Data items:
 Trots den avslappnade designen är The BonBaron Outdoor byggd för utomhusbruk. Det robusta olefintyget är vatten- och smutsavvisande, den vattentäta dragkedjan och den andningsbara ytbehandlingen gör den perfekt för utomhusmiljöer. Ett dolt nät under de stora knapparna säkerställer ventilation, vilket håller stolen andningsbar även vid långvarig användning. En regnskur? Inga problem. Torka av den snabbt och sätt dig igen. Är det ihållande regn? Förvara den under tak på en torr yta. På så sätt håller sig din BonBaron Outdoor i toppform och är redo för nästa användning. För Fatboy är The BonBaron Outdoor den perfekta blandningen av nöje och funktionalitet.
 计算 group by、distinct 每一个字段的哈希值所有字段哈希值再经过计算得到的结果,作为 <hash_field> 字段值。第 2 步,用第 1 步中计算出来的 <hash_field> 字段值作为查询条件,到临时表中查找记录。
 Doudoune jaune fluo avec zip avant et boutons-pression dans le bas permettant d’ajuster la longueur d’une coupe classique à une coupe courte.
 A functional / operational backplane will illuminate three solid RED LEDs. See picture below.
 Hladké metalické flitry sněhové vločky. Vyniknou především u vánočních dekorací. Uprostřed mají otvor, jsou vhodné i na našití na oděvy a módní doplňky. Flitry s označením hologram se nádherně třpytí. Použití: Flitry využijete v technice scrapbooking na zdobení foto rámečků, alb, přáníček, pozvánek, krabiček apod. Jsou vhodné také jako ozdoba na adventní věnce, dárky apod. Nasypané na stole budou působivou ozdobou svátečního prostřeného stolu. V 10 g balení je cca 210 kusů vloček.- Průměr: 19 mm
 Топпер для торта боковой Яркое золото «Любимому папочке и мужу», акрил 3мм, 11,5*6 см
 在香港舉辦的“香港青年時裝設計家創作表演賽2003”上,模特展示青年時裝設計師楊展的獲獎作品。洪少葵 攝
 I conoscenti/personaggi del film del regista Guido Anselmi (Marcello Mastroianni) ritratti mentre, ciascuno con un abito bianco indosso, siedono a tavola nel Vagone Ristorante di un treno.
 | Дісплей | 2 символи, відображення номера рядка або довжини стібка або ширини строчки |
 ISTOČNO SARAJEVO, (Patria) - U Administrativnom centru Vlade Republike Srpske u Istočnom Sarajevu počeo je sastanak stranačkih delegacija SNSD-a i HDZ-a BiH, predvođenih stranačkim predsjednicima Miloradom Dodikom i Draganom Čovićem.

About this exercise:
When the entries above are retyped, each line must stay exactly as it is.

Response to this task:
 Trots den avslappnade designen är The BonBaron Outdoor byggd för utomhusbruk. Det robusta olefintyget är vatten- och smutsavvisande, den vattentäta dragkedjan och den andningsbara ytbehandlingen gör den perfekt för utomhusmiljöer. Ett dolt nät under de stora knapparna säkerställer ventilation, vilket håller stolen andningsbar även vid långvarig användning. En regnskur? Inga problem. Torka av den snabbt och sätt dig igen. Är det ihållande regn? Förvara den under tak på en torr yta. På så sätt håller sig din BonBaron Outdoor i toppform och är redo för nästa användning. För Fatboy är The BonBaron Outdoor den perfekta blandningen av nöje och funktionalitet.
 计算 group by、distinct 每一个字段的哈希值所有字段哈希值再经过计算得到的结果,作为 <hash_field> 字段值。第 2 步,用第 1 步中计算出来的 <hash_field> 字段值作为查询条件,到临时表中查找记录。
 Doudoune jaune fluo avec zip avant et boutons-pression dans le bas permettant d’ajuster la longueur d’une coupe classique à une coupe courte.
 A functional / operational backplane will illuminate three solid RED LEDs. See picture below.
 Hladké metalické flitry sněhové vločky. Vyniknou především u vánočních dekorací. Uprostřed mají otvor, jsou vhodné i na našití na oděvy a módní doplňky. Flitry s označením hologram se nádherně třpytí. Použití: Flitry využijete v technice scrapbooking na zdobení foto rámečků, alb, přáníček, pozvánek, krabiček apod. Jsou vhodné také jako ozdoba na adventní věnce, dárky apod. Nasypané na stole budou působivou ozdobou svátečního prostřeného stolu. V 10 g balení je cca 210 kusů vloček.- Průměr: 19 mm
 Топпер для торта боковой Яркое золото «Любимому папочке и мужу», акрил 3мм, 11,5*6 см
 在香港舉辦的“香港青年時裝設計家創作表演賽2003”上,模特展示青年時裝設計師楊展的獲獎作品。洪少葵 攝
 I conoscenti/personaggi del film del regista Guido Anselmi (Marcello Mastroianni) ritratti mentre, ciascuno con un abito bianco indosso, siedono a tavola nel Vagone Ristorante di un treno.
 | Дісплей | 2 символи, відображення номера рядка або довжини стібка або ширини строчки |
 ISTOČNO SARAJEVO, (Patria) - U Administrativnom centru Vlade Republike Srpske u Istočnom Sarajevu počeo je sastanak stranačkih delegacija SNSD-a i HDZ-a BiH, predvođenih stranačkim predsjednicima Miloradom Dodikom i Draganom Čovićem.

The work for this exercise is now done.